Меня от этого всего в мороз ударило. Подбегаю я к Бредису и говорю: «Товарищ комроты, пущай их трибунал судит. Зачем тебе в их крови руки марать? В городе бой не закончился, а мы тут с этими рассчитываемся». Он до меня как обернётся, так я пожалел за свои слова. Глаза у него как у тигра. Маузер мне в зубы. Семь лет воюю, а нехорошо вышло, оробел. Вижу, убьёт без рассуждения. Крикнул он на меня по-русски. Его чуть разберёшь: «Кровью знамя крашено, а эти – позор всей армии. Бандит смертью платит».

И расстрел состоялся».


Действительно, если молодой красноармеец Островский был свидетелем сцен насилия, то тогда совсем не удивляют строки его не публиковавшегося ранее письма, написанного 3 октября 1922 года Людмиле Беренфус:


«Люси, не считайте меня, мой друг, за мальчика, который, сидя, ничего не делая, вздумал разочаровываться и мечтать о воздушных замках, и идеальной свободе, равенстве и братстве. Порыв того желания жить своей мечтой бросил меня в армию в 1920 году, но я быстро понял, что душить кого-то – не значит защищать свободу, да и многое другое».


Друзья Островского писали в своих воспоминаниях о нём, что в 1920 году Николай исчез летом из Шепетовки и появился осенью мрачный, подавленный, никому не рассказывал, где был. Стало быть, если он оказался в тот период на фронте, то увиденное там произвело на него тяжёлое впечатление.

Интересно, между прочим, что рассказ Андрощука в рукописи романа вызвал спор красноармейцев по поводу того, стоит или не стоит жалеть расстрелянных насильников. Этот спор не попал в опубликованный вариант книги, но он любопытен неоднозначным отношением людей к вопросу любви и насилия. Вот как описал это Островский:


« – Но это чересчур – подал голос Матвичук, – чтобы из-за бабы бойцов истреблять? Это я несогласный. Можно и наказание придумать. Это латыш у тебя тоже пули просит. Подумаешь какое несчастье! Офицерскую жёнку обидели. Кабы нашу какую, ну туда-сюда. А то что ж мы не люди что ли? По свету кой год шатаемся, от дому отбились. Сголодались до краю без женского внимания. А тут на тебе! Чуть тронул, в «штаб Духонина». Это знаешь ли к чертям!
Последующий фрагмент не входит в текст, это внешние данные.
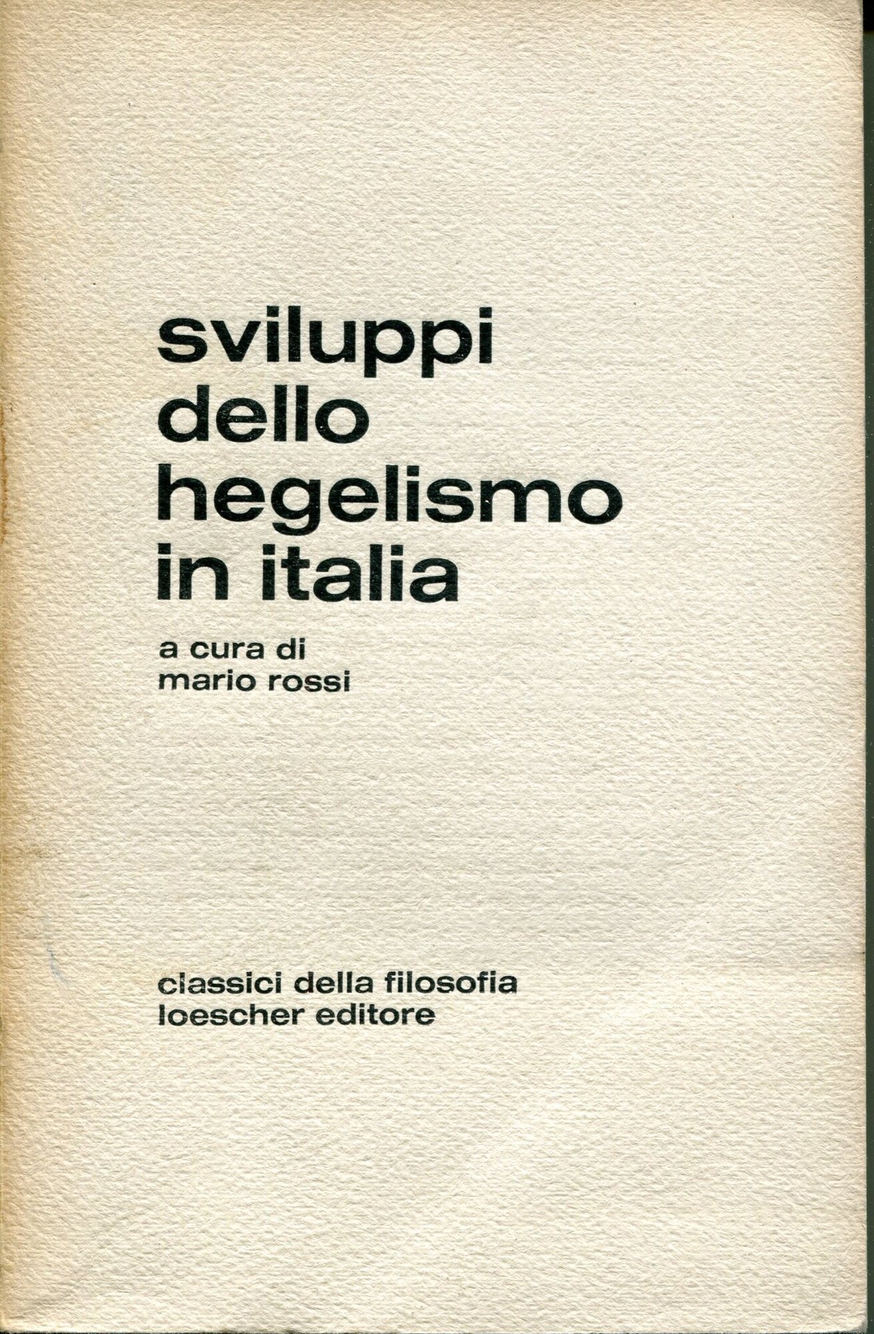 Sviluppi dello hegelismo in Italia : una antologia dagli scritti di De Sanctis, Tommasi, Labriola

Матвичук обвёл всех взглядом, ища сочуствия, но взгляды всех были устремлены в огонь. И наталкиваясь на глаза Пузыревского, слегка прищуренные, его изучающие, Матвичук осёкся.

– Конечно отвечать должон, но не так.

К нему повернулся Середа.

– А мне этих совсем не жаль, – начал он резко. – Тебе это, конечно, не с руки, ты с бабами иное отношение имеешь. У тебя и прохвессия эта, как поберушка. Везде урвёшь, где плохо лежит. Таких артистов только страхом и держать. А то дай волю – не одна заплачет.

Матвичук озлился:

– Ну, ты, репа черниговская, разиндючился. Свою сознательность показываешь. Тоже комиссар нашёлся.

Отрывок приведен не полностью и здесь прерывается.